Ryan Pick Means A New Campaign For Romney

A choice, not a referendum? Obama bets that the old rules still apply, and Romney hopes they've changed.

Mitt Romney's choice of Rep. Paul Ryan as a running mate represents a dramatic departure from what had been widely taken, to this point, as Romney's basic theory of this election: That the key battle would be, as his advisor Kevin Madden once put it, "a referendum on the economy."

That theory produced a campaign whose key skill was deflection. Romney spent much of this year trying to turn the subject of the campaign back to the economy, and to pin the bulk of the blame for it on President Barack Obama.

The presidential campaign has proven too intense, however, to allow a major party candidate to run as a cipher. And as Romney has lost traction on Obama while seeing his own character and policy defined by Democrats, he has chosen a dramatically different tack.

The election is now a choice, not a referendum, a contest between two clearly and sharply different policy visions and views on the role of government.

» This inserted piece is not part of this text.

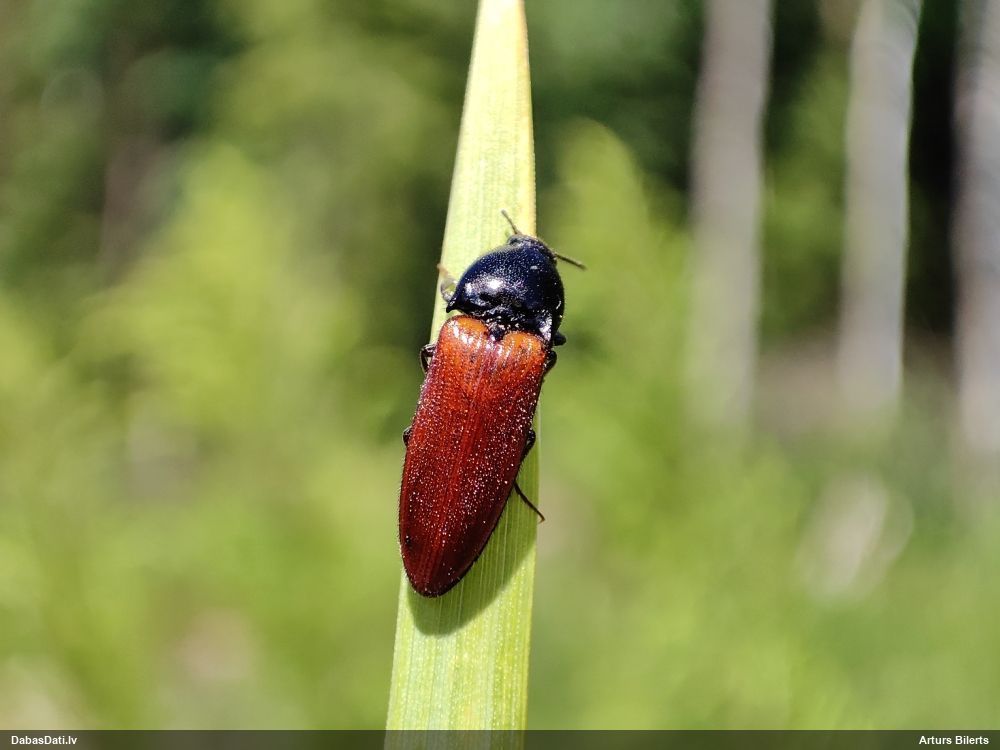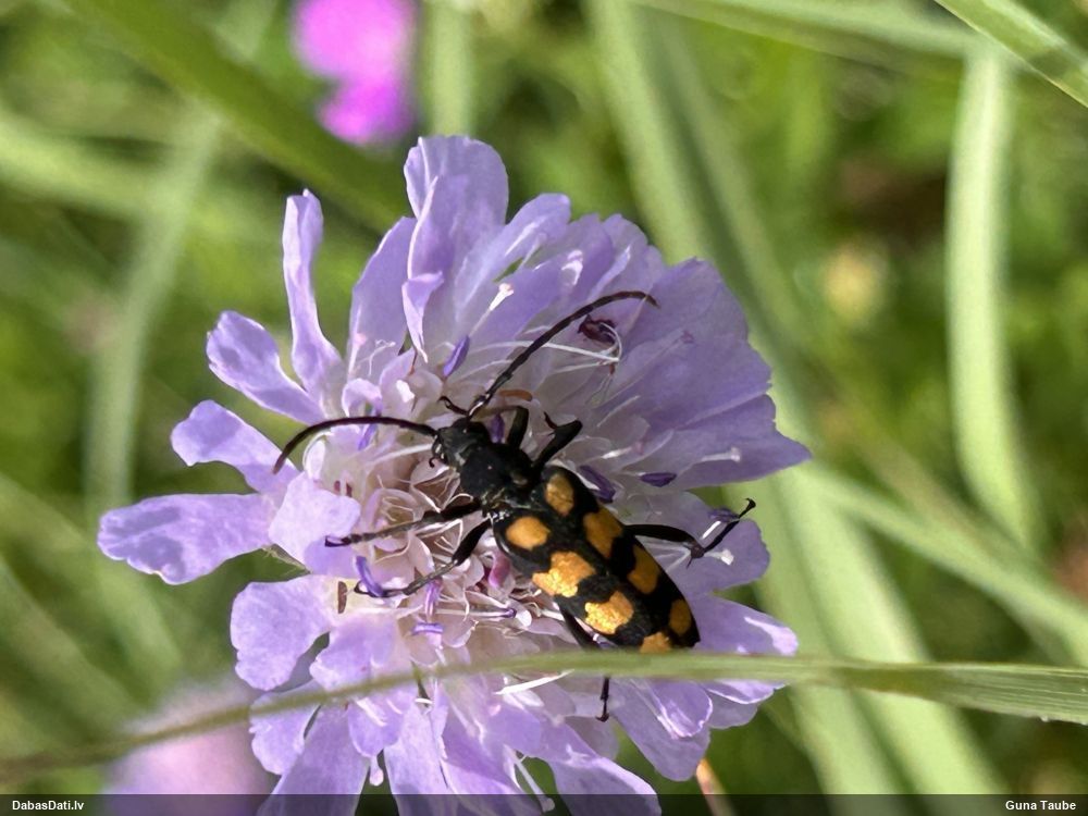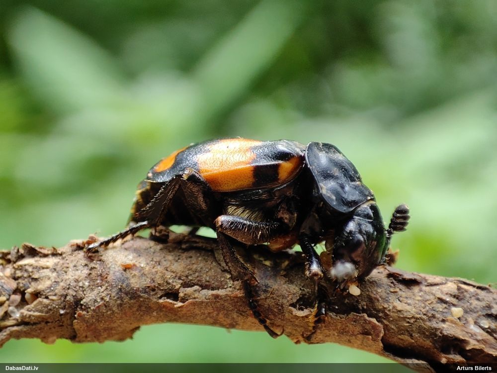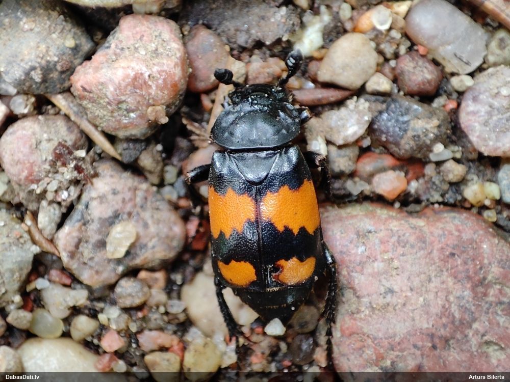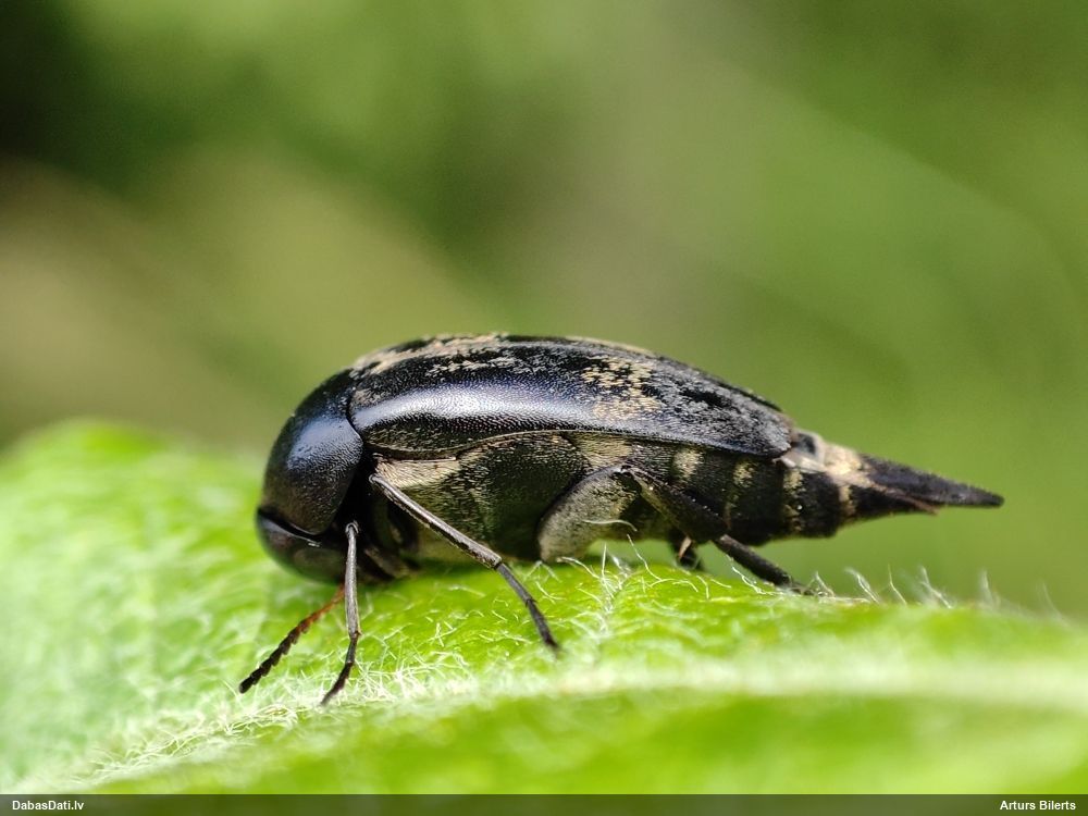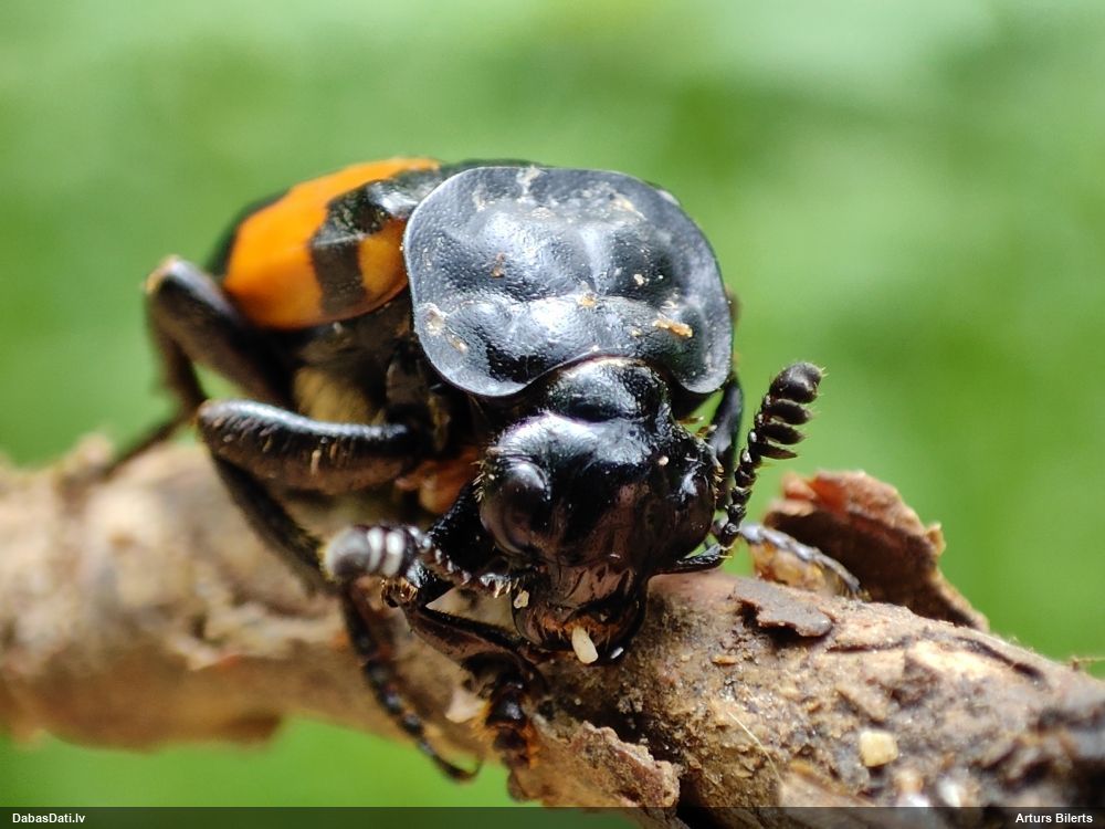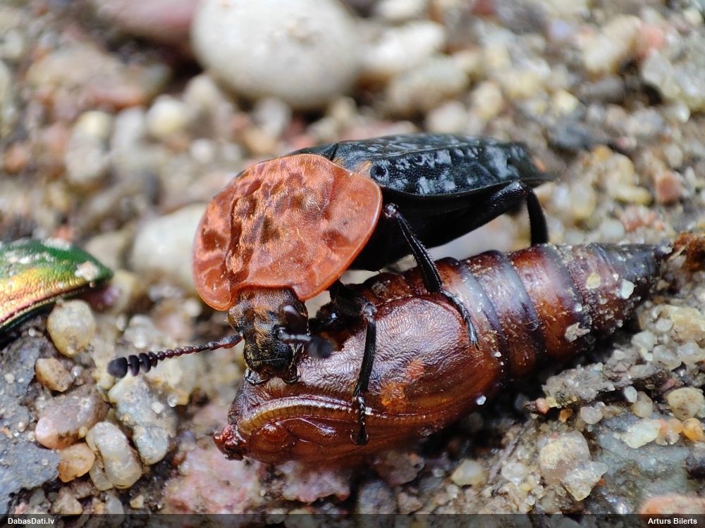 Jāredz tuvāk (kaut vai izkadrēts šis pats attēls) - varbūt tumšā eļļasvabole (Meloe proscarabaeus)

Ryan's policy views are as clear as Romney's are vague and complex, aimed not just at cutting spending but at rearranging Americans' relationships with the federal government. His budget plan bets that turning Medicare into a voucher would stop swelling health care costs and hands anti-poverty programs to the states. He has backed — though the most recent budget does not — a version of President George W. Bush's politically disastrous attempt to shift Americans' retirement from Social Security guarantees into private investments.

Obama has answered them with the traditional defense of the role of government in providing for citizens in need, and with the conventional wisdom among Democrats that giant entitlements need to be tweaked, rather than revolutionized. Obama has also made clear, in elevating Ryan and picking public fights with him, that he believes the old rules of politics apply: that tinkering with entitlements (if only for those who haven't yet retired) is poison in, in particular, the key state of Florida.

Romney, long a technocrat and a moderate, now appears to have embraced the Republican Party's own new political bet: That the old rules are off; that Americans are panicked about the size of government and ready for a fresh and radical new vision.

And an election that was expected to be a referendum on the incumbent president looks like it may be a referendum on a 42-year old congressman from Janesville, Wisconsin.